Confroy competed in soccer, basketball and softball from her early years through her standout high school career. 

Confroy excelled in all three sports at Solon High School, south of Cleveland. She averaged 19.3 points, 6.2 assists and 4.6 rebounds at Solon and capped her senior season by being named the area's Player of the Year by the Cleveland Plain Dealer and Cleveland.com. During her junior year, Confroy was the Plain Dealer's Softball Player of the Year and earned first-team All-Greater Cleveland honors as a soccer goalkeeper. 

"The biggest thing that playing all the sports helped me with was having something new all the time," Confroy said. "I was still invested and passionate about each sport, and that prevented me from burning out with basketball. I had other avenues to enjoy." 

Confroy could have competed at the collegiate level in any of the three sports, but she chose to continue with basketball. 

"It wasn't until high school that I really decided that basketball was my sport," Confroy said. "I just had more of a passion for basketball. I always dreamed of going to a big school and playing Division I basketball."

Frese, who had guided Maryland to the NCAA Final Four during Confroy's final high school campaign, admired her toughness and leadership abilities.

"The first time that I went to see her play, I likened her to [former UConn guard] Kelly Faris," Frese said. "Kristen is the player that every team has to have, who is going to do all of the little, unsung-hero things that may or may not show up on the stat sheet. 

"Through the course of her time here, she has been the glue that keeps it all together. She doesn't turn the ball over and brings the same attitude of toughness every day. She really has a sense of what we need." 

During her freshman season at Maryland, Confroy got her first taste of the Final Four. She averaged 3.9 points and 1.1 assists for a Maryland team that tied a school single-season record with 34 wins before losing to Connecticut in the NCAA semifinals. 

"Going to the Final Four was incredible," Confroy said. "As a freshman, I was eyes-wide-open, deer-in-the-headlights for most of that year. The biggest thing I learned in my freshman year was how important the mental side of basketball is."

The 5-foot-9 Confroy broke into the starting lineup at the beginning of her sophomore season and played a key role in the Terps' 31-4 campaign. She established career-highs in points (8.0 per game), rebounds (4.2) and assists (1.8). Confroy was a marksman from both 3-point range (41 percent) and the free-throw line (83 percent). 

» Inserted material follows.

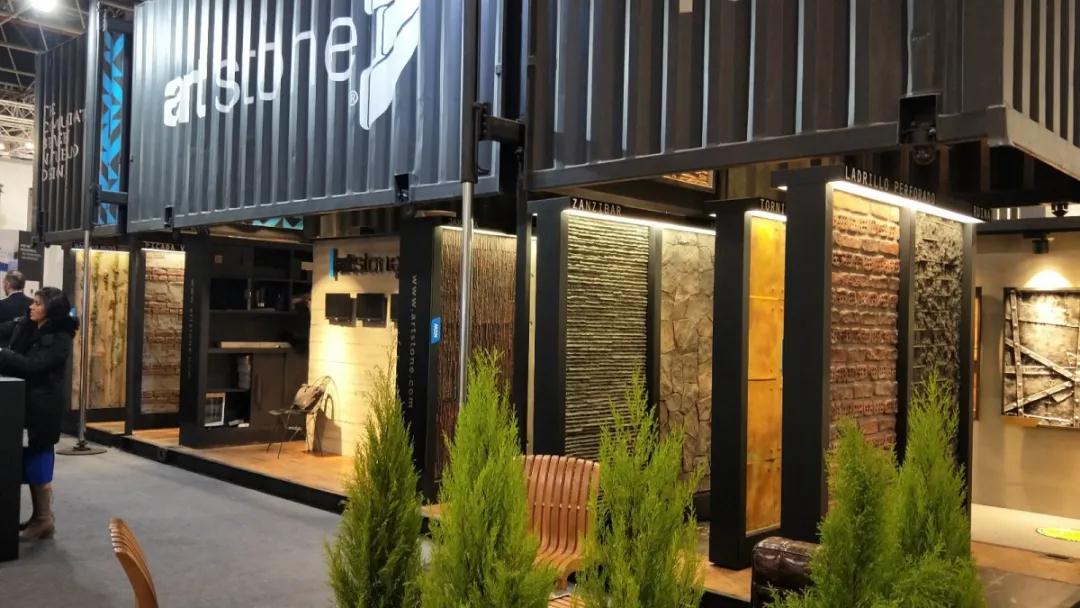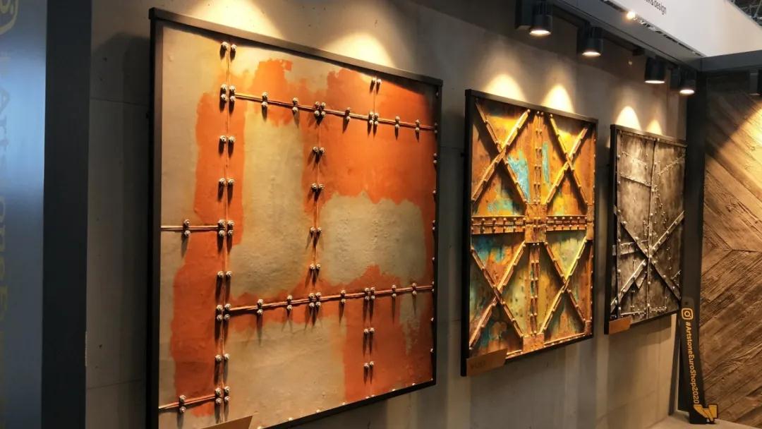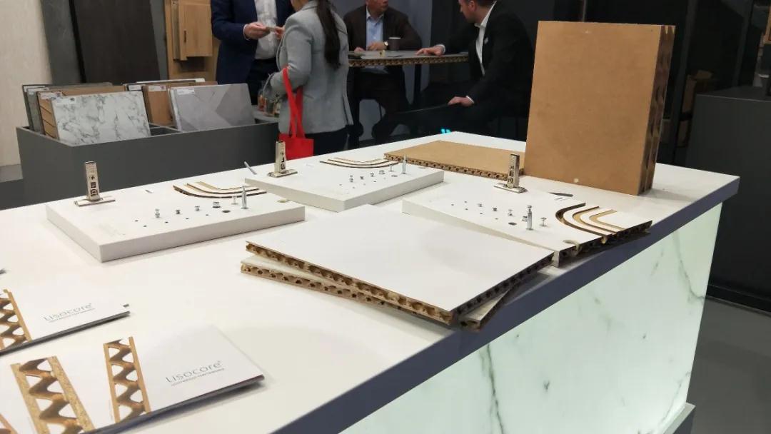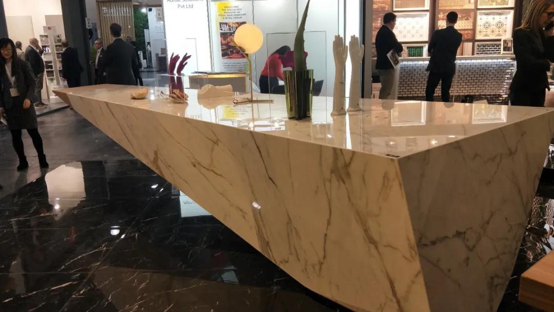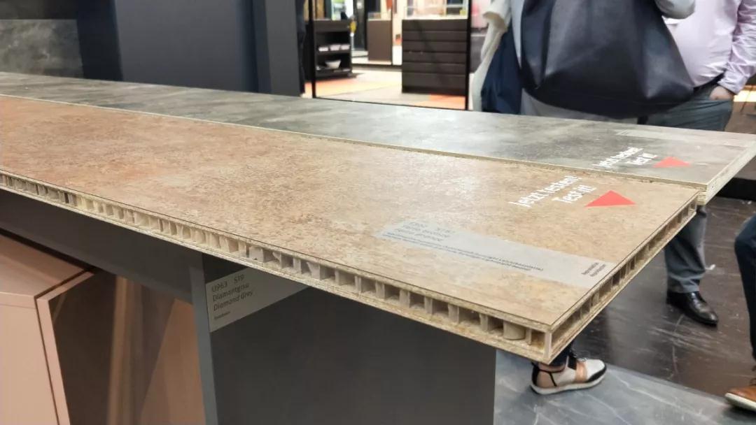 材 料 是科學技術(shù)發(fā)展的結(jié)果,同時材料的應(yīng)用也會帶來新技術(shù)的變革。本次展會的材料展區(qū)整體呈現(xiàn)著輕量化、復(fù)合化、高仿真的特點。這些特點主要體現(xiàn)在各類型高仿真的陶瓷薄板(仿石紋理、仿木紋理)、仿鏡面薄膜、殼體結(jié)構(gòu)復(fù)合板、仿真石材等。

Midway through the 2015-16 season, Confroy put together the best game of her collegiate career. During an 80-62 win against visiting Northwestern, she set a career single-game high with 24 points and contributed 10 rebounds and six assists. Confroy also tied the school record with eight 3-pointers (in 10 attempts). 

"For me, a big confidence booster was our game last season against UConn at Madison Square Garden," Confroy said. "That was the first turning point for me, where the game started to slow down. In the Northwestern game, I just felt incredible. You take that feeling and keep working to try to do it again."

Confroy doesn't need to score in bunches on a team that has four double-figure scorers in the starting lineup. 

"My role has been different each season," Confroy said. "Being willing to take on whatever role that is necessary is important for having a successful team."

Confroy will have to adjust to another role when she leaves Maryland and heads for medical school. Her ultimate goal weighed heavily in Confroy's college choice. 

"I've always wanted to be a doctor, so I knew that I was going to have a rigorous course load," said Confroy, who is aiming for a career in sports medicine. "Trying to find a program that was willing to let me play basketball and pursue this other tough path was important. Coach Frese has been phenomenal. She understands that our [basketball] careers are going to end at some point, and she wanted me to be able to pursue what I wanted to do."